Now not so much. Fragmented media, social diversity, and declining trust means that we will never see their kind again.
Each of them emerged from distinct — and not repeatable — historical circumstances.
Willesee was part of that first-of-a-kind generation of television journalists who came out of Australia’s founding TV current affairs program, This Day Tonight — a generation that included legends of the craft like Caroline Jones, Mike Carlton, Bill Peach, Sonia Humphrey, George Negus, Peter Luck and Richard Carleton.
As a group, they dominated public perceptions of what a journalist was for close on 30 years. They benefited both from being first in their field and from being first at a time when Australian news had a powerful intertwined narrative that relied on journalism; documenting the social change of the 1960s and 1970s, Vietnam, and the rise and fall of the Whitlam government.
Willesee himself parlayed that into commercial television’s first successful nightly current affairs program, which continues on Nine as A Current Affair. These twin firsts made him a larger-than-life public personality without sacrificing his public status as a journalist — a rare combination that was reflected in the media and public mourning over the weekend.
Buttrose was the first to grasp the opportunity to mesh the personality and journalist personas through the Australian media’s commercial adoption — and monetisation — of the feminist movement of the 1970s and ’80s. She was also one of the first Australian journalists to embrace the personal brand management that social media has now made near universal.
Both media platforms and individual journalists have attempted — and still attempt — to replicate each of these models. Most successfully, in the ’80s, Nine hot-housed a founding group of journalists on 60 Minutes and Sunday (including This Day Tonight alumni such as Negus and Gerald Stone). Both Ten and Seven have made plays at the same space, although without the long-term commitment that drove success at both the ABC and Nine.
Political reporting on our home screens through the drama of the Hawke-Keating years led to the rise of reporting stars like the ABC’s Kerry O’Brien and Nine’s Laurie Oakes, giving them a status that has endured through to this century.

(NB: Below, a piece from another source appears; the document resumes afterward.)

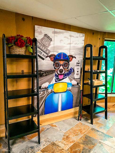 The game room was easily our favorite room of our Helen vacation rental, and not just because we adored the awesome floor-to-ceiling painting of a dog riding a moped!

But through the ’80s and ’90s, public awareness of the personality manufacturing process led others to stumble. How do you sustain the profile of the personality with the integrity of the journalist’s craft? How to resist the network’s drive towards wearing sequins on Dancing with the Stars rather than a bullet-proof vest in Afghanistan?

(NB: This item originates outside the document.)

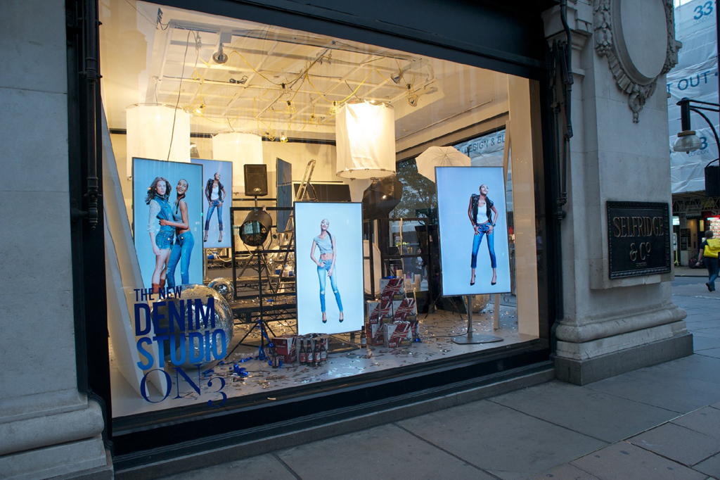 Su ventana principal, ubicada en la esquina de Oxford Street y Orchard Street, se convirtió en un estudio fotográfico gracias a las ocho pantallas que se instalararon y que contaban con el apoyo de los player de BrightSign. Otras dos ventanas incorporan una mezcla de pantallas verticales y horizontales ofreciendo una transmisión en vivo de Instagram con imágenes de los clientes vistiendo sus vaqueros favoritos.

Being first, the media giants of the Willesee and Buttrose generation benefited from having their own narrative fed into cultural iconography, most famously in Cold Chisel’s song “Ita” (and, perhaps, most harshly in the 1990s’ ABC sitcom, Frontline). And, of course, each benefited from the trailers and promotions of their parent media companies and their associated awards.
This promotional infrastructure of 20th century television makes it difficult to tell whether TV reporters are ever genuinely embraced as recognisable personalities to their audiences. Earlier this decade, MEAA polling on attitudes to journalism asked respondents to name a journalist — just one, any one. The most common response was “don’t know.” In a distant second: Andrew Bolt.

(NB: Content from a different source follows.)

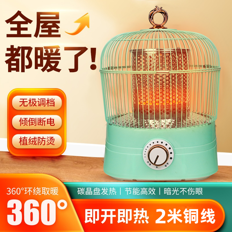 2025小型鸟笼取暖器家用小太阳烤火炉桌下电暖脚器烤火盆省电暖炉
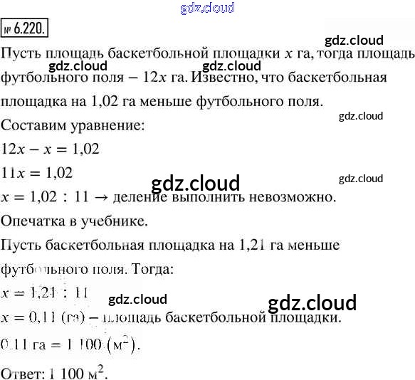 Ответ на задание 6.220 Учебник Математика за 5 (пятый) класс Виленкин, Жохов, Чесноков, Александрова, Шварцбурд 2021 Часть 2

Now the fragmentation of media and the slow decline of free-to-air television means that broadcast media is no longer a path to the manufacture of the giant journalistic personalities that shaped late 20th century journalism.
Instead, the path to the personality runs through opinion economy — the more outraged, the better. The political economy of that shift seems simple: broadcast advertisers are chasing engagement. This demands the commercial broadcasters, in radio and TV, in free-to-air and in pay, build a dedicated, committed audience.
That doesn’t require the popular, journalistic personalities that deliver diverse, mass audiences. It requires presenters who bring confirmation bias for their (often aging) demographic powered by resentment and outrage.
Personalities? Sure. But not giants.